Camino de un otoño que se nos aparece como dramático, emerge algún que otro motivo que invita al optimismo. Así, es el caso de los fondos europeos orientados a recomponer los destrozos de la pandemia.
A finales de julio, los 27 estados miembros de la Unión Europea alcanzaron un acuerdo histórico al aprobar un fondo de 750.000 millones de euros para la reconstrucción y reforma de las economías más diezmadas por la crisis sanitaria. De dicha cantidad, algo más de la mitad en forma de ayudas no reembolsables y el resto como préstamos, asignándose a España hasta 140.000 millones de euros, al ser uno de los países más afectados por el coronavirus.
Lo más relevante, junto a lo que representa en sí mismo un monto tan elevado, es que se soportará en deuda común, lo que constituye un gran avance para el proyecto europeo. Un logro que se alcanzó tras limar unas diferencias enormes, dada la frontal oposición de los denominados países frugales con Holanda al frente. Sólo la perseverancia de los sureños, junto a la visión y sensatez de Angela Merkel, pudo facilitar un acuerdo en el que se incluye una serie de mecanismos para garantizar que las ayudas responden a las prioridades de los 27, y que los estados receptores emprenden una serie de reformas para avanzar hacia una economía más competitiva y sostenible.

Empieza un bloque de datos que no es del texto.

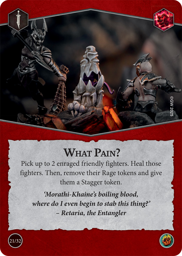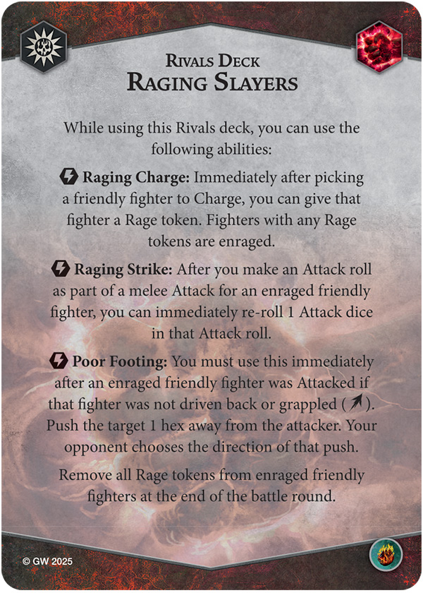 Alongside the new warband comes the Raging Slayers Rivals deck — a perfect companion for Kamandora’s style, but flexible enough to work with any warband. The central mechanic is Rage, triggered whenever a fighter Charges. They gain a Rage token, which buffs their melee attacks with a re-roll. Sounds great, right?
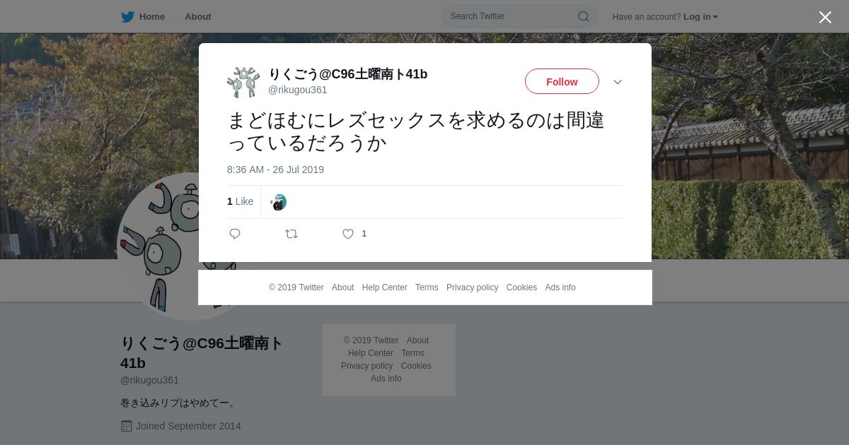 取得元URL: https://twitter.com:443/rikugou361/status/1154777446027341825

En resumen, un acuerdo excelente para los intereses generales de nuestro país que, más allá de las críticas al alborozo infantil del presidente del Gobierno al presentarlo en el Congreso, ha dado lugar a reacciones tan preocupantes como paradigmáticas de nuestros tiempos.
Así, de una parte, la destrucción del adversario como prioridad política. Desde el mismo momento en que surgió la propuesta de emitir deuda conjunta de la Unión Europea para ayudar a las economías más dañadas por la pandemia, los de Pablo Casado no pudieron esconder su contrariedad. Pese a que las ayudas directas resultaban indispensables para evitar la tragedia económica y social, a los líderes del Partido Popular les dominaba el “cuanto peor, mejor”. Recordemos, como muestra de ello, las intervenciones de la, entonces portavoz, Cayetana Álvarez de Toledo, o la sintonía de la eurodiputada Dolors Montserrat con los frugales, animándoles a la “mano dura” con el Gobierno español.
Y, de otra parte, la autoexaltación de las virtudes de lo privado frente a lo público. Sólo así se entiende la fascinación por situar a un CEO al frente de la gestión de la pandemia o, recientemente, la propuesta de crear una comisión” independiente” para repartir los fondos, lo que, dicho de otra manera, es una forma de privatizar dichas decisiones, soportándolas en personas ajenas a un Parlamento elegido democráticamente por los ciudadanos.
Los diversos actores sociales y económicos han de hacer oir su voz en los debates acerca del reparto de los fondos, y a ellos corresponde el influir sobre unos u otros partidos políticos. Pero pretender que la distribución de hasta 140.000 millones de euros no se soporte en la arquitectura parlamentaria y de gobierno constituye un sinsentido, pues nada avala su mayor eficiencia y, en cualquier caso, no hace más que deteriorar y empobrecer nuestra vida pública.
Los fondos han de servir para recomponer nuestra diezmada situación social y económica y, aún a trancas y barrancas, acabaremos por conseguirlo. Más difícil veo recomponer nuestra deteriorada vida pública.